There’s two things I know to be true: the majority of America’s eligible voters skip the ballot box and those of us who do vote spend our time between the ballot in misery and buck passing until the next election season.
This particular season has been especially miserable. We are mired in debt and surround daily by death. The incompetence of this administration is self-evident, I don’t gotta review it for you. But to its credit, it has successfully sown generational discord among its citizens.
When we’re all in ruin we have nothing left but the blame game to pursue. I watch the conversations across social media where the Left blames the Liberal Centrist who blames both the Leftist and the Far Right as one and the same.
We all want tidy source to villainize for our collective suffering. I decided early on not to make third party voters my villains of choice.
Because I do fervently believe that Moral protest without material strategy becomes a luxury purchased with other people’s vulnerability. But ultimately I think it’s time we acknowledge that third party voting is not the only or even chief form of moral protest—abstaining the ballot is the most harmful form!
I am less interested now in relitigating who caused what than in asking what our political ethics revealed once the outcome became material. Because a vote is not merely a personal confession. It is not a private altar call. It is a public act inside a world where other people’s bodies absorb the consequences of our choices.

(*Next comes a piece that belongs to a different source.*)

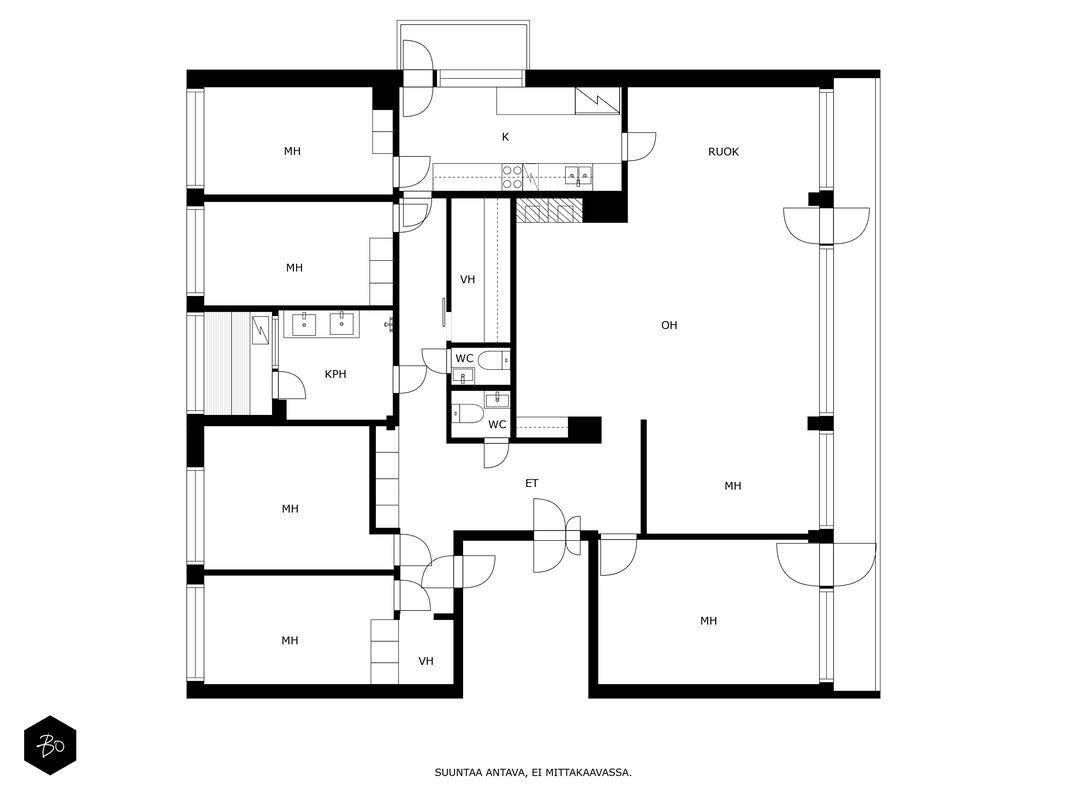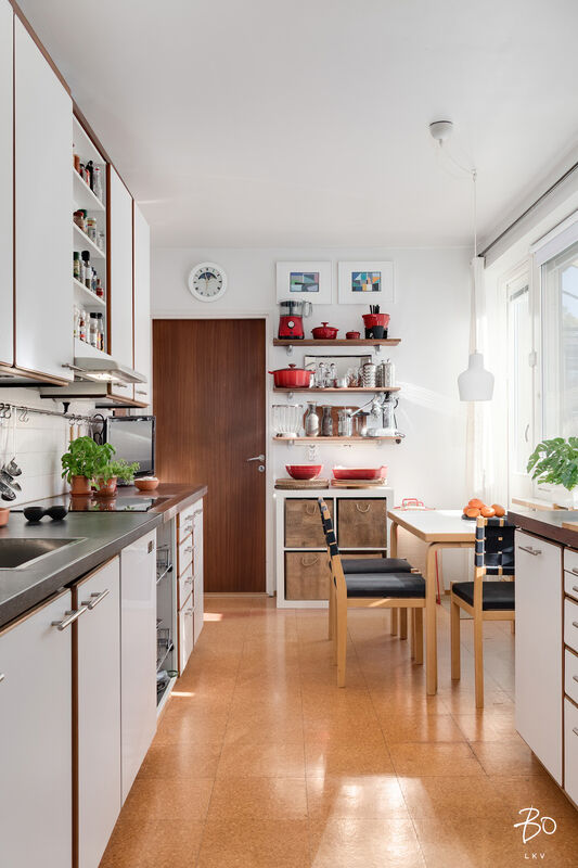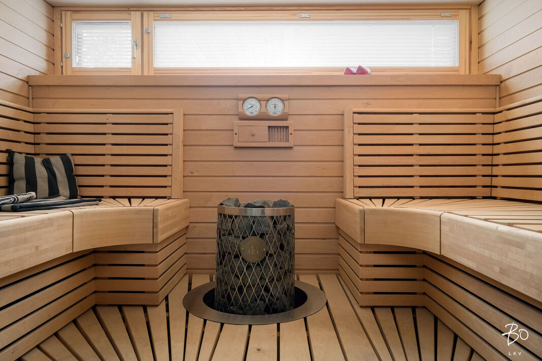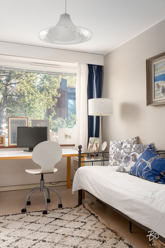 Ylellinen sauna, tilava kylpyhuone, kaksi erillistä wc:tä ja reilut kaappi- ja vaatehuonetilat helpottavat arkea. Perheellinen ostaja arvostaa asunnon viittä makuuhuonetta, jotka tarjoavat tilaa koko porukan eri tarpeisiin.
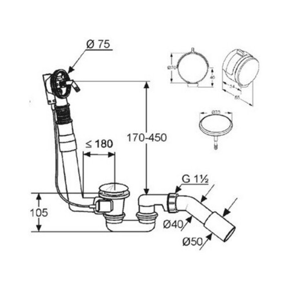 - Гидрозатвор, накладная панель, фановая отводная труба 4/5 см

Every voter carries an ethic to the ballot box. Some carry theology. Some carry fear. Some carry rage. Some carry strategy. Some carry grievance dressed as principle. Some carry moral absolutism so brittle it cannot survive the weight of consequence.
The Voting Ethics We Carry
The Religious Obedience Ethic
There’s no more consequential single issue voter than the one who carries an ethic of Religious Obedience. I’m speaking of the saints who couldn’t vote for Kamala Harris because their theology insists that a penis is a prerequisite for leadership. Yet when asked what of this leadership has been God centered, God fearing, or Christ-led, the answers are bumbling nonsense. The question is not merely “sexism.” It’s whether their political theology recognizes Christ or only patriarchy with a Bible verse taped to it. Still even this is not our primary villain. The influence of the Religious Obedience Ethic is only outsized because we live in a nation of deep voter apathy as a whole
The Protest Purity Ethic
I don’t deny moral concern, I’m only wondering whether symbolic purity was fatally mistaken for strategy. The ballot is the most important site of political protest. And I also believe the conversation in the wake of election consequence has been dominated by people who used moral language to avoid reckoning with consequences. Yes, there were righteous grievances on the ballot, but a vote is not a private sacrament of self-expression; it is a public tool with consequences.
The Cheap Talk Ethic
One thing that life and history have taught me is that liberation requires infrastructure. The Underground Railroad din’t simply spring intro being from the altruism of dominating power. And Harriet ran first alone before endangering another soul to be free. So to talk about liberation and not build political alternatives, organize locally, support infrastructure, or vote consistently. And one egregious product of our modernity is an ethic that often performs political certainty in monetized spaces because problem statements are profitable and solutions are slow.
The Fearful Harm-Reduction Ethic
This is the ethic that is often framed as either ignorant or devoted to maintenance of harmful systems. But fear is not always cowardice. Sometimes fear is communal risk assessment.
The truth is not everyone who voted pragmatically was enthusiastic. Some people saw the system’s amorality and still could not responsibly gamble with disabled people, poor people, immigrants, queer and trans people, Black people, Palestinians, and other vulnerable communities when no survival infrastructure had been built to absorb the impact. Because as I often say, theories don’t bleed but bodies do. And it’s hard to hold all the material truths of the bodies that are left to absorb impact when we lack the systems designed to absorb it instead.
The White Supremacist Economic Ethic
And no matter what we pretend to believe alternatively, this ethic is and always has been the core driver of our collective misery. Sure, many voters did vote in their economic interest, but in America, whiteness has always been treated as an economic asset. Anti-Blackness is not a distraction from economic politics. It is one of the currencies through which American economic life has been organized.
Some of Us Wanna Get Even, But Some of Us Wanna Be Free
We can keep pretending the ballot is a purity test, a confession booth, or a stage for moral performance, but it has never been that innocent. The ballot is one imperfect instrument inside a larger struggle for survival, and our ethics are only as righteous as the bodies they are willing to protect.
Everybody talkin’ ’bout votin’ ain’t seekin’ justice.
Some are seeking innocence.
Some are seeking absolution.
Some are seeking power without responsibility.
Some are seeking collapse and calling it liberation.
I am not asking anyone to worship the vote. I am asking us to stop lying about what happens when we abandon it without building anything strong enough to catch the people who fall. But justice requires more than performance. It requires consequence, strategy, infrastructure, and care for the bodies left bleeding when our theories fail.
And until our politics can carry that much truth, the vote will remain what it has always been: not salvation, not allegiance, not revolution — but one tool in the hands of people still trying to survive the empire long enough to build something better.